$$\int_0^{2\pi} \frac{(\cos \theta)^2 d \theta}{3-\sin \theta}$$
I''m having trouble simpliyfing this into a form that will allow me to use Residue Theorem. I got it to the point where the integrand looks like this:
$$=\frac{i(e^{2i\theta}+1)^2}{-2e^{i\theta}(e^{2i\theta}-6ie^{i\theta}-1)}$$
Then I found that the roots of the denominator are
$$\theta=-i\ln(3i+2i\sqrt{2})+i\arg(3i+2i\sqrt{2})+2i\pi k$$ $$\theta=-i\ln(3i-2i\sqrt{2})+i\arg(3i-2i\sqrt{2})+2i\pi k$$
But this doesn't seem likely to be the correct way of solving this.
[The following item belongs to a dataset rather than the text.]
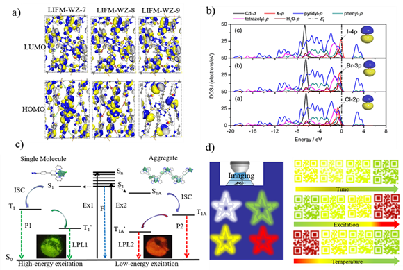 单晶 X-射线衍射分析和理论计算表明,引起上述三种不同配位聚合物多色可调长余辉的主要原因在于,卤素影响下的单分子状态和分子堆积状态的三线态能级发光共存。同时,卤素重原子效应对促进系间窜越和缩短磷光寿命产生相互抗衡的两种作用,从而对长余辉的效率和寿命带来影响并随外界参量产生调变。上述结果对于金属-有机长余辉材料的发光机制及其在显示、防伪、成像等领域的应用都具有重要意义(图3)。

Any tips?
Update:
Ok so I tried something else:
Let $z=e^{i\theta}$. thus,
$$\oint_C (\frac{z^2+2+z^{-2}}{4})(\frac{1}{3-(\frac{z-z^{-1}}{2i})})\frac{dz}{iz}$$
$$=\oint_C (\frac{z^4+2z^2+1}{4z^2})(\frac{2}{6i-z^2+1})dz$$
$$=\oint_C (\frac{z^4+2z^2+1}{4z^2})(\frac{2}{(z+\sqrt{1+6i})(z-\sqrt{1+6i})})$$
Is this on the right track?? I guess the next step would just be to apply the residue theory...
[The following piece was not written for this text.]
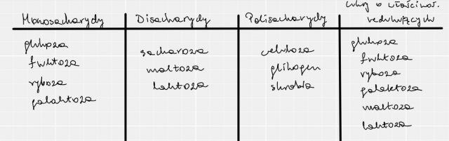 W tym zadaniu musisz przyporządkować nazwy sacharydów do odpowiednich grup umieszczonych w tabeli.

On the unit circle, Using the substitution $z=e^{i\theta}$, we get $$ \begin{align} \sin(\theta)&=\frac1{2i}\left(z-\frac1z\right)\\ \cos(\theta)&=\frac12\left(z+\frac1z\right)\\ \mathrm{d}\theta&=\frac{\mathrm{d}z}{iz} \end{align} $$ Therefore, on a counter-clockwise contour along the unit circle, $$ \begin{align} \int_0^{2\pi}\frac{\cos^2(\theta)\,\mathrm{d}\theta}{3-\sin(\theta)} &=\frac12\oint\frac{(z^2+1)^2}{6iz-(z^2-1)}\frac{\mathrm{d}z}{z^2}\\ &=\frac12\oint\frac{1+2z^2+z^4}{1+6iz-z^2}\frac{\mathrm{d}z}{z^2}\\ &=\frac12\oint\left(-1+\frac1{z^2}\color{#C00000}{-\frac{6i}z}+4\sqrt2\,i\left(\color{#C00000}{\frac1{z-\left(3-2\sqrt2\right)i}}-\frac1{z-\left(3+2\sqrt2\right)i}\right)\right)\mathrm{d}z\\[3pt] &=2\pi i\left(-3i+2\sqrt2\,i\right)\\[9pt] &=\left(6-4\sqrt2\right)\pi\\[3pt] &=\frac{2\pi}{3+2\sqrt2} \end{align} $$ Since the red terms have non-zero residue inside the unit circle.